Meskipun demikian, MU tetap menunjukkan mental juara. Di tangan Carrick, tim ini tidak lagi mudah menyerah seperti musim-musim sebelumnya. Mereka tetap tenang, terus menekan, dan akhirnya mencetak gol penentu melalui Kobbie Mainoo. Gol tersebut memicu euforia luar biasa di seluruh penjuru Old Trafford.
Apakah Sudah Saatnya Status Michael Carrick Dipermanenkan?
Rekor Carrick sejak mengambil alih di Januari ini sungguh luar biasa: 10 kemenangan dari 14 pertandingan. Ia sudah membawa MU mengalahkan Manchester City, Arsenal, Chelsea, dan kini Liverpool. Di babak pertama laga ini, tim bermain dengan kepercayaan diri tinggi, gerakan lincah, dan semangat yang terlihat jelas. Bahkan saat tertinggal 2-2, para pemain tetap saling mendukung dan bertarung sampai akhir.
Carrick berhasil mengubah suasana di Old Trafford dari yang semula suram menjadi penuh harapan. Para pemain terlihat lebih bahagia, lebih ringan, dan lebih kompak.
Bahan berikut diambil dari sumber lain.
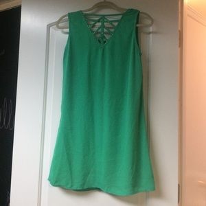 Emerald/Kelly green blu pepper dress purchased at Altar'd State. Size Small. Geometric detail on back with gold champagne beading. Very small run/pick in the front.

Arne Slot dan Tantangan Berat Liverpool
Bagi Arne Slot, kekalahan ini terasa pahit. Liverpool datang dengan skuad yang sudah dihantam cedera (seperti Alexander Isak, Mohamed Salah, dan Hugo Ekitike). Namun, Slot sendiri mengakui bahwa permainan lambat di 20 menit pertama menjadi faktor utama. Set-up 4-2-2-2 di babak pertama memberi terlalu banyak ruang bagi MU untuk melakukan serangan balik. Pergantian taktik di babak kedua memang berhasil membawa Liverpool kembali mendominasi pertandingan, tapi ketidakmampuan menjaga intensitas sampai akhir pertandingan kembali terlihat.
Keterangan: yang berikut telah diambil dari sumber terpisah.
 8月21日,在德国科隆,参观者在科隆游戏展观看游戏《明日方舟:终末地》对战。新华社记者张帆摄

Slot tidak mau mencari alasan soal pemain yang sedang absen. Ia tahu bahwa Liverpool masih harus bekerja keras untuk memastikan tiket Liga Champions. Kekalahan di kandang rival abadi ini jelas meninggalkan luka yang dalam.
Kesimpulan: Momentum yang Harus Dijaga
Kemenangan 3-2 ini adalah bukti bahwa Manchester United sedang membangun sesuatu yang nyata di bawah Michael Carrick. Mentalitas baru, semangat juang, dan kemampuan bangkit dari kesalahan menjadi ciri khas tim saat ini. Gol penentu Kobbie Mainoo melambangkan generasi baru yang siap membawa klub kembali ke puncak.
Bagi Liverpool, pertandingan ini menjadi pelajaran berharga tentang pentingnya konsistensi dan adaptasi cepat. Bagi MU, ini adalah malam yang membuktikan bahwa langkah yang diambil saat ini adalah langkah yang benar.
Old Trafford kembali bernyawa. Musim depan di Liga Champions terasa lebih dekat dan lebih menjanjikan. Sepak bola memang penuh kejutan, tapi saat ini MU menunjukkan bahwa mereka siap menghadapi segalanya; dengan gaya, dengan hati, dan dengan kualitas yang pantas menjadi juara.